### [What you will do]
All of the data is to be printed exactly, though the images must be left off.

### [Information provided]
--------------------------------
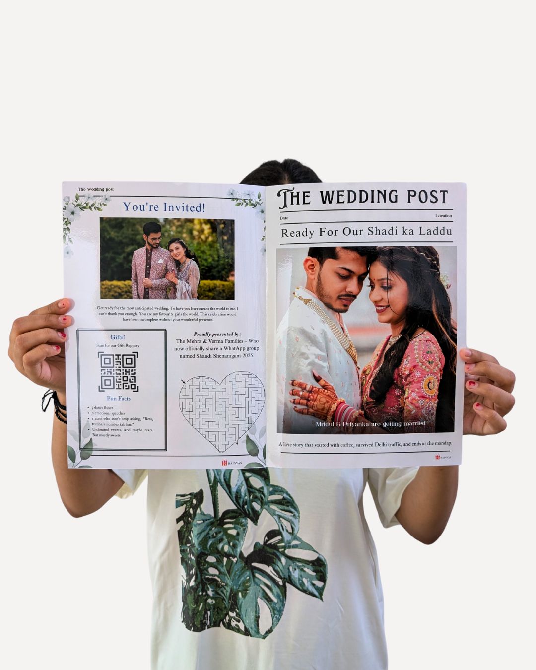 Make your wedding unforgettable with a personalized newspaper invite, featuring custom headlines and your love story, all in a unique, charming design!
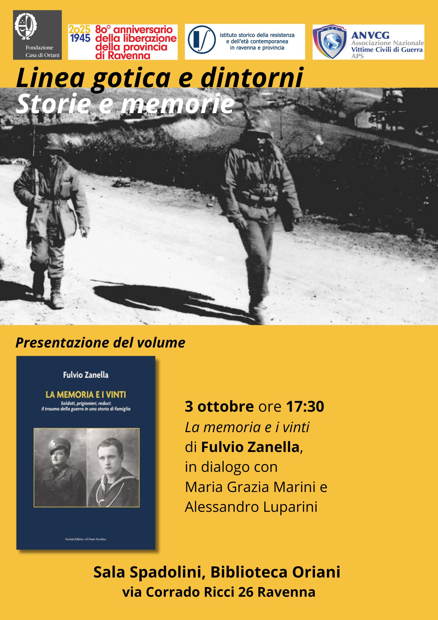 Si terrà venerdì 3 ottobre 2025, ore 17.30, presso la Sala “Spadolini” della Biblioteca di Storia contemporanea “Oriani” la presentazione del volume di Fulvio Zanella, La memoria e i vinti. Soldati, prigionieri, reduci: il trauma della guerra in una storia di famiglia («Il Ponte Vecchio» 2022). Il libro, sospeso tra grande storia collettiva e memorie familiari, ripercorre le traversie belliche del padre e dello zio dell’Autore, cresciuti nel quartiere popolare ravennate “Calcinelli” negli anni di massima affermazione del regime fascista. Attraverso testimonianze intime e pagine documentarie, si snoda così il racconto non solo della vita dei due protagonisti ma del destino di una intera generazione, segnata dalle illusioni della propaganda mussoliniana e scaraventata in una guerra assurda conclusasi nelle baracche del campo di prigionia alleato di Zonderwater in Sudafrica.
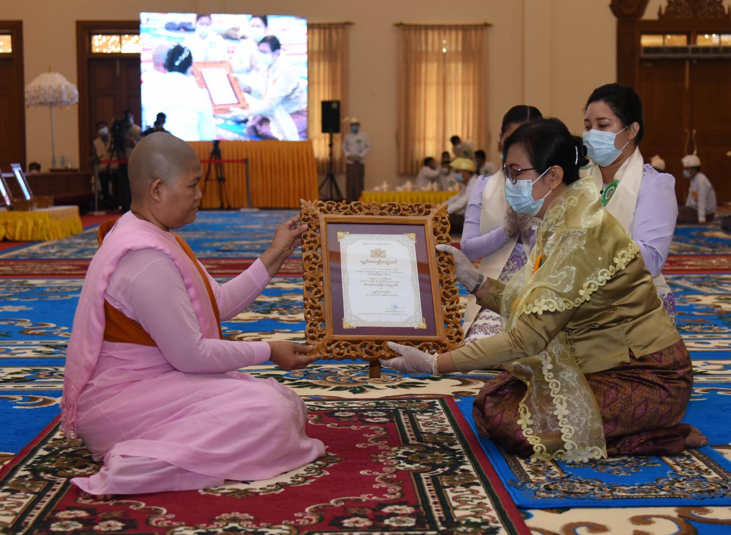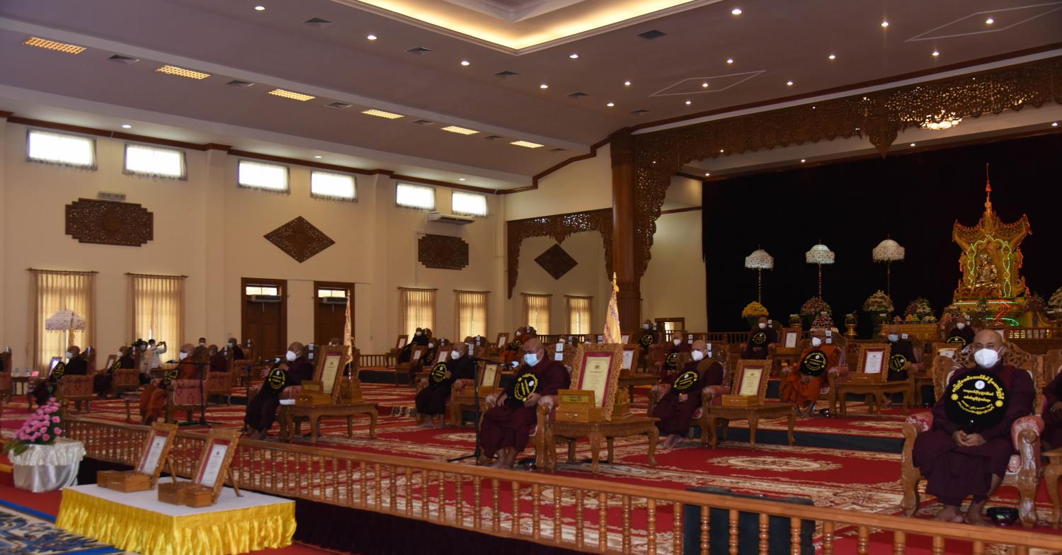 ယနေ့ကျင်းပသည့် နေပြည်တော်ကောင်စီနယ်မြေမှ ၂၀၂၁ ခုနှစ် သာသနာတော် ဆိုင်ရာ ဘွဲ့တံဆိပ်တော် ဆက်ကပ် ပူဇော်ပွဲ အခမ်းအနားတွင် အဂ္ဂမဟာပဏ္ဍိတ ဘွဲ့တံဆိပ် တော်ရ ဆရာတော် (၂)ပါး၊ အဂ္ဂမဟာသဒ္ဓမ္မဇောတိကဓဇ ဘွဲ့တံဆိပ်တော်ရ ဆရာတော် (၂)၊ အဂ္ဂမဟာ ဂန္ထဝါစကပဏ္ဍိတ ဘွဲ့တံဆိပ်တော်ရဆရာတော် (၃)ပါး၊ မဟာဂန္ထဝါစကပဏ္ဍိတ ဘွဲ့တံဆိပ် တော်ရဆရာတော် (၄)ပါး၊ မဟာသဒ္ဓမ္မဇောတိကဓဇ ဘွဲ့တံဆိပ်တော်ရ ဆရာတော် (၄)ပါး၊ မဟာကမ္မဋ္ဌာနာစရိယ ဘွဲ့တံဆိပ်တော်ရ ဆရာတော် (၁)ပါး၊ ဓမ္မကထိက ဗဟုဇနဟိတဓရ ဘွဲ့တံဆိပ်တော်ရ ဆရာတော် (၁) ပါး၊ ဂန္ထဝါစက ပဏ္ဍိတ ဘွဲ့တံဆိပ်တော်ရ ဆရာတော် (၇) ပါး၊ သဒ္ဓမ္မဇောတိကဓဇ ဘွဲ့တံဆိပ်တော်ရ ဆရာတော် (၅) ပါး၊ ဂန္ထဝါစက ပဏ္ဍိတ ဘွဲ့တံဆိပ်တော်ရ သီလရှင်ဆရာကြီး (၂) ပါးနှင့် မဟာသဒ္ဓမ္မဇောတိဥဓဇ ဘွဲ့တံဆိပ်တော်ရ လူပုဂ္ဂိုလ်(၂) ဦး တို့အား သာသနာတော်ဆိုင်ရာ ဘွဲ့တံဆိပ်များကို ဆက်ကပ်ပူဇော် ပေးအပ်ခဲ့ကြောင်း သိရသည်။
--------------------------------
### [Task solution]
 Make your wedding unforgettable with a personalized newspaper invite, featuring custom headlines and your love story, all in a unique, charming design!
 Si terrà venerdì 3 ottobre 2025, ore 17.30, presso la Sala “Spadolini” della Biblioteca di Storia contemporanea “Oriani” la presentazione del volume di Fulvio Zanella, La memoria e i vinti. Soldati, prigionieri, reduci: il trauma della guerra in una storia di famiglia («Il Ponte Vecchio» 2022). Il libro, sospeso tra grande storia collettiva e memorie familiari, ripercorre le traversie belliche del padre e dello zio dell’Autore, cresciuti nel quartiere popolare ravennate “Calcinelli” negli anni di massima affermazione del regime fascista. Attraverso testimonianze intime e pagine documentarie, si snoda così il racconto non solo della vita dei due protagonisti ma del destino di una intera generazione, segnata dalle illusioni della propaganda mussoliniana e scaraventata in una guerra assurda conclusasi nelle baracche del campo di prigionia alleato di Zonderwater in Sudafrica.
 ယနေ့ကျင်းပသည့် နေပြည်တော်ကောင်စီနယ်မြေမှ ၂၀၂၁ ခုနှစ် သာသနာတော် ဆိုင်ရာ ဘွဲ့တံဆိပ်တော် ဆက်ကပ် ပူဇော်ပွဲ အခမ်းအနားတွင် အဂ္ဂမဟာပဏ္ဍိတ ဘွဲ့တံဆိပ် တော်ရ ဆရာတော် (၂)ပါး၊ အဂ္ဂမဟာသဒ္ဓမ္မဇောတိကဓဇ ဘွဲ့တံဆိပ်တော်ရ ဆရာတော် (၂)၊ အဂ္ဂမဟာ ဂန္ထဝါစကပဏ္ဍိတ ဘွဲ့တံဆိပ်တော်ရဆရာတော် (၃)ပါး၊ မဟာဂန္ထဝါစကပဏ္ဍိတ ဘွဲ့တံဆိပ် တော်ရဆရာတော် (၄)ပါး၊ မဟာသဒ္ဓမ္မဇောတိကဓဇ ဘွဲ့တံဆိပ်တော်ရ ဆရာတော် (၄)ပါး၊ မဟာကမ္မဋ္ဌာနာစရိယ ဘွဲ့တံဆိပ်တော်ရ ဆရာတော် (၁)ပါး၊ ဓမ္မကထိက ဗဟုဇနဟိတဓရ ဘွဲ့တံဆိပ်တော်ရ ဆရာတော် (၁) ပါး၊ ဂန္ထဝါစက ပဏ္ဍိတ ဘွဲ့တံဆိပ်တော်ရ ဆရာတော် (၇) ပါး၊ သဒ္ဓမ္မဇောတိကဓဇ ဘွဲ့တံဆိပ်တော်ရ ဆရာတော် (၅) ပါး၊ ဂန္ထဝါစက ပဏ္ဍိတ ဘွဲ့တံဆိပ်တော်ရ သီလရှင်ဆရာကြီး (၂) ပါးနှင့် မဟာသဒ္ဓမ္မဇောတိဥဓဇ ဘွဲ့တံဆိပ်တော်ရ လူပုဂ္ဂိုလ်(၂) ဦး တို့အား သာသနာတော်ဆိုင်ရာ ဘွဲ့တံဆိပ်များကို ဆက်ကပ်ပူဇော် ပေးအပ်ခဲ့ကြောင်း သိရသည်။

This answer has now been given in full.